A comparison between bird monitoring techniques
Earlier this year one of our open source contributors, Sara Coutinho completed her Lincoln University research project comparing traditional bird counts and audio recording systems for estimating bird richness. Sara compared the number of birds species detected by a novice and an expert doing 5 minute bird counts the number of species detected by two audio recorders: the DOC AR4 and the 2040 bird monitor.
Interestingly there was no significant difference between the the number of species detected by the novice, experts and the DOC recorder.
When comparing the DOC AR4 to the 2040 bird monitor, the 2040 bird monitor detected about 35% less bird species. This might be because the 2040 bird monitor has a less sensitive microphone with a smaller detection range. If the bird species were distributed evenly in the space around the microphones then the 2040 recorder covers 1-35% or 65% of the volume of the DOC AR4. Our (2040, not Sara) back of the napkin estimate of its relative range is the cube root of that, or about 86% of the DOC AR4 (calculating the range accurately could easily be another study).
You can watch Sara's video presentation below or read her report on comparing methods for estimating bird richness.
Why use the 2040 bird monitor?
The 2040 bird monitor has a smaller range than the DOC AR4 - so why would you use it?
Ease of use
The first reason is that the 2040 Bird Monitor is easier to use because the recordings are uploaded to the cloud where they can easily be processed and listened to. The recordings also automatically have the GPS coordinates associated with each recording making it less likely that you'll make mistakes.

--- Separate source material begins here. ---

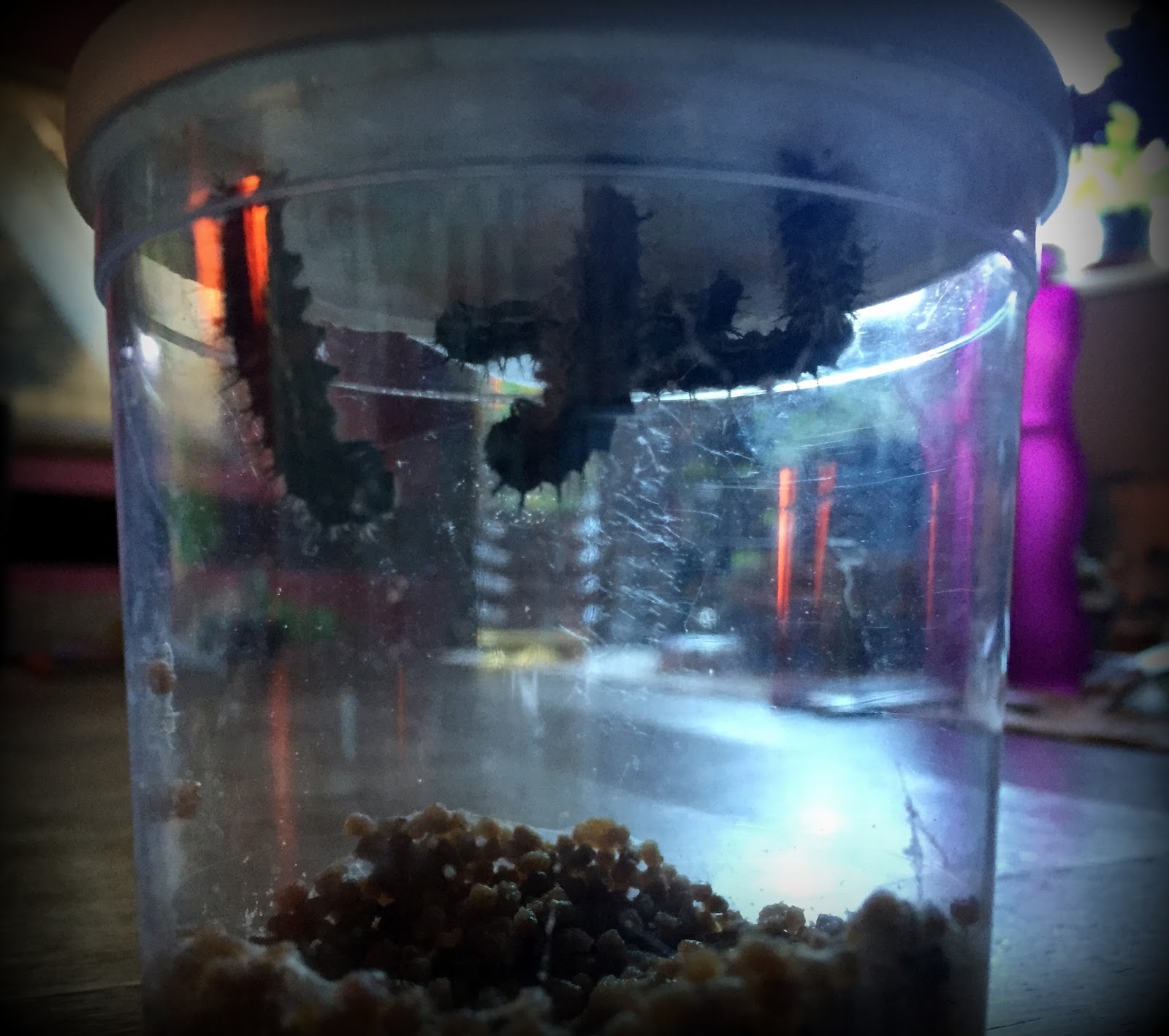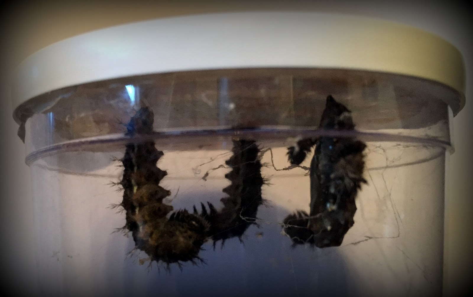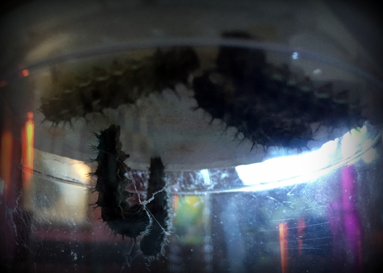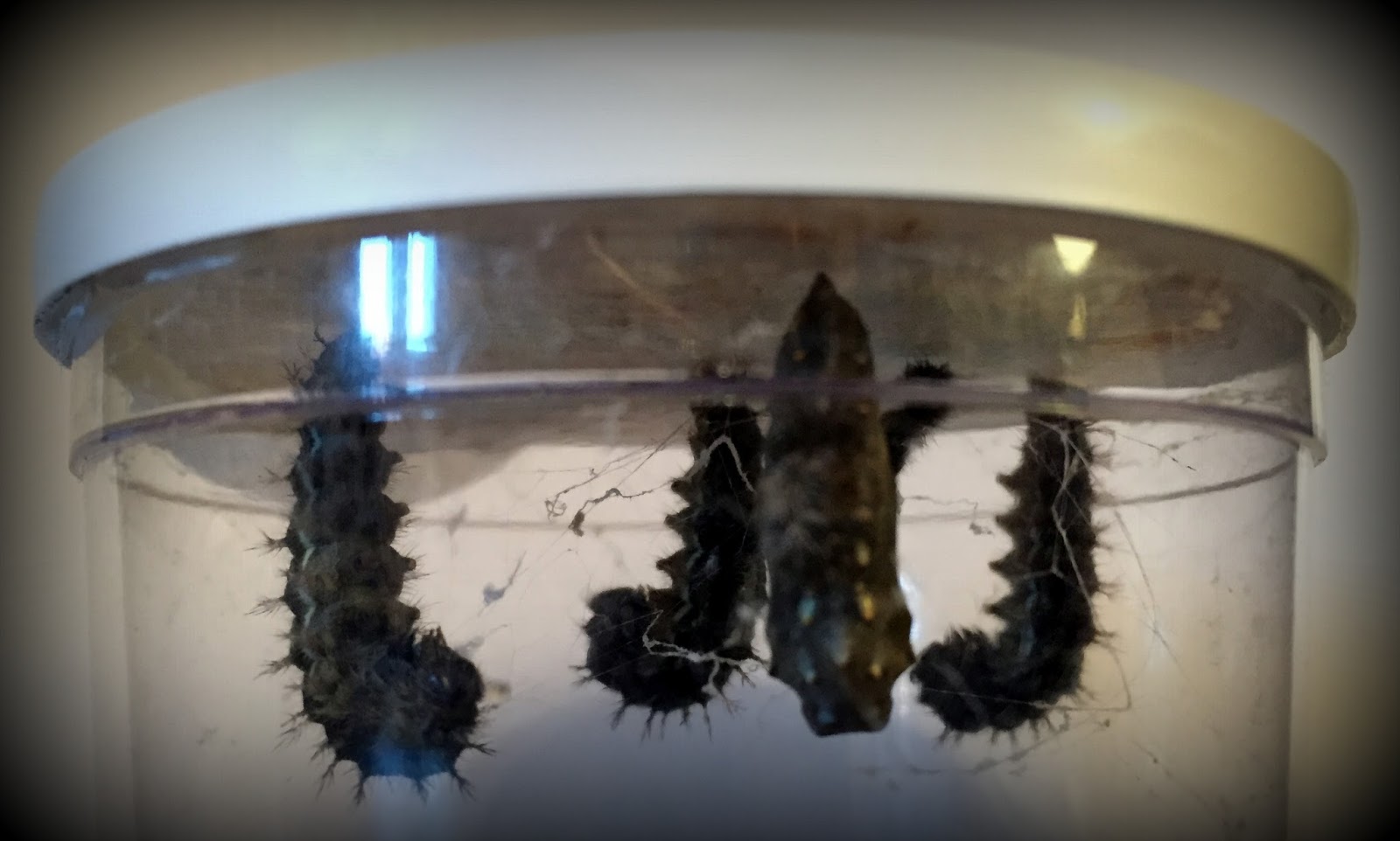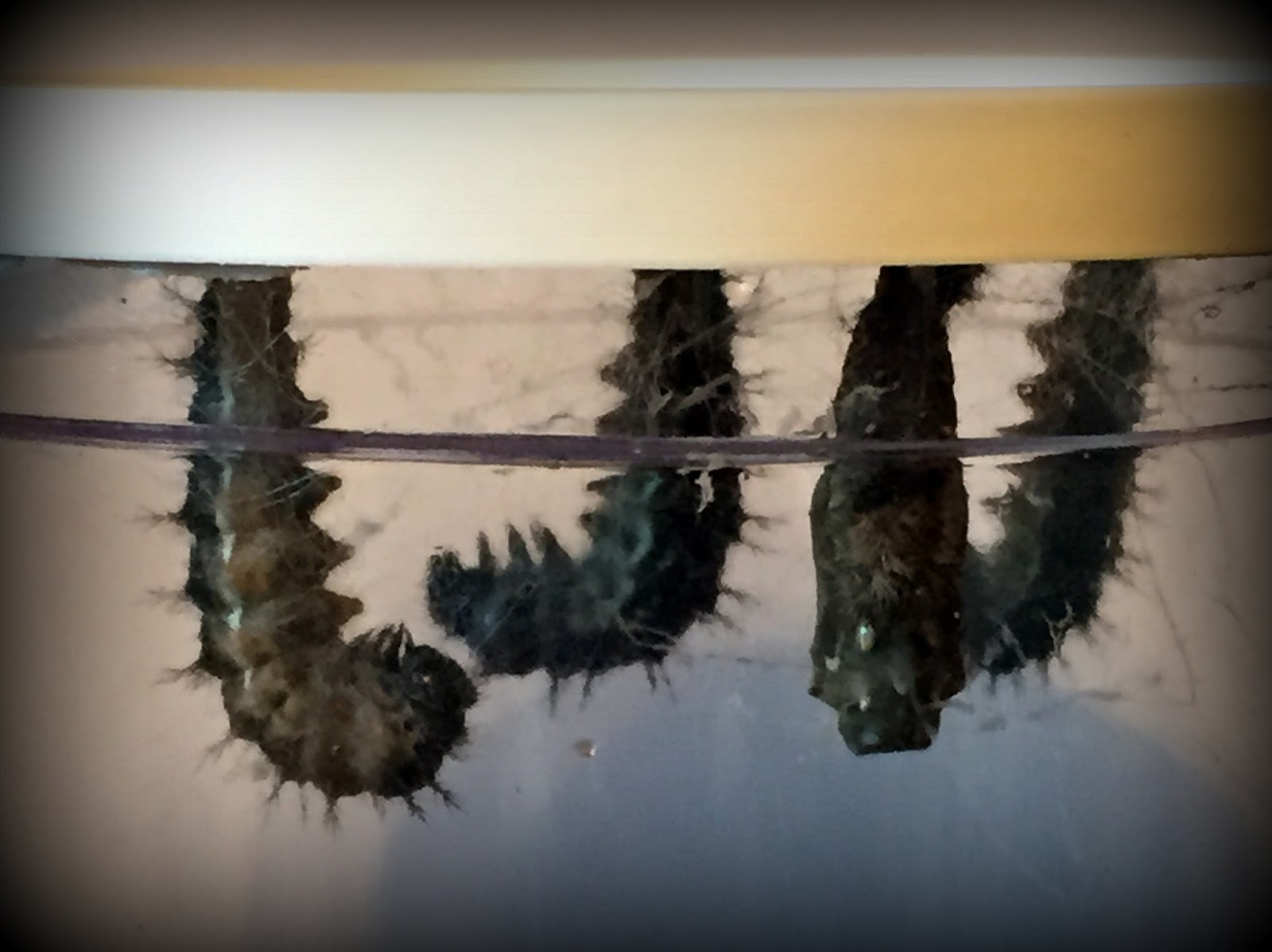 Heute morgen war ich sehr überrascht, denn ich hatte nicht damit gerechnet, dass die Räupchen sich bereits an der Decke des Gefäßes aufhängen würden. Als ich das erste Mal schaute hingen bereits zwei dort oben.

With the solar panel option the 2040 Bird Recorder can be permanent installation. This means for a very low cost (because no labour is required) you can monitor birds all year round. You can measure how the change through the seasons and from year to year. The longevity somewhat makes up for the lack of range. A bird only needs to come within range of the recorder while it is recording for it to be detected. This means that you can detect birds that are only in the area for part of the year.
Automatic recording devices also have the benefit of recording at night time, whereas human 5 minute bird counts tend to be during the day.
The other major advantage of the 2040 Bird Monitor is that the recordings uploaded to the cloud are processed and stored so future algorithms can be applied to them. At the moment a Cacophony Index is calculated that measures the amount of bird song. There is also a very early version of an automatic bird recognition algorithm being applied to each recording. We will examine this in more detail in another blog post (the summary is that there is lots of room for improvement, but we are actively working to make a better version).
Our conclusion from Sara's study is that you need to chose the right tool for the job and understand the capabilities and limitations of the different tools. If you want to measure bird species richness over a short period of time - then the AR4 will give you the best results. If you want to measure over a longer period of time the the 2040 Bird Monitor is a lot more cost effective and should be the best tool for the job.
We would like to thank Sara for her work allowing us to publish her results on this blog.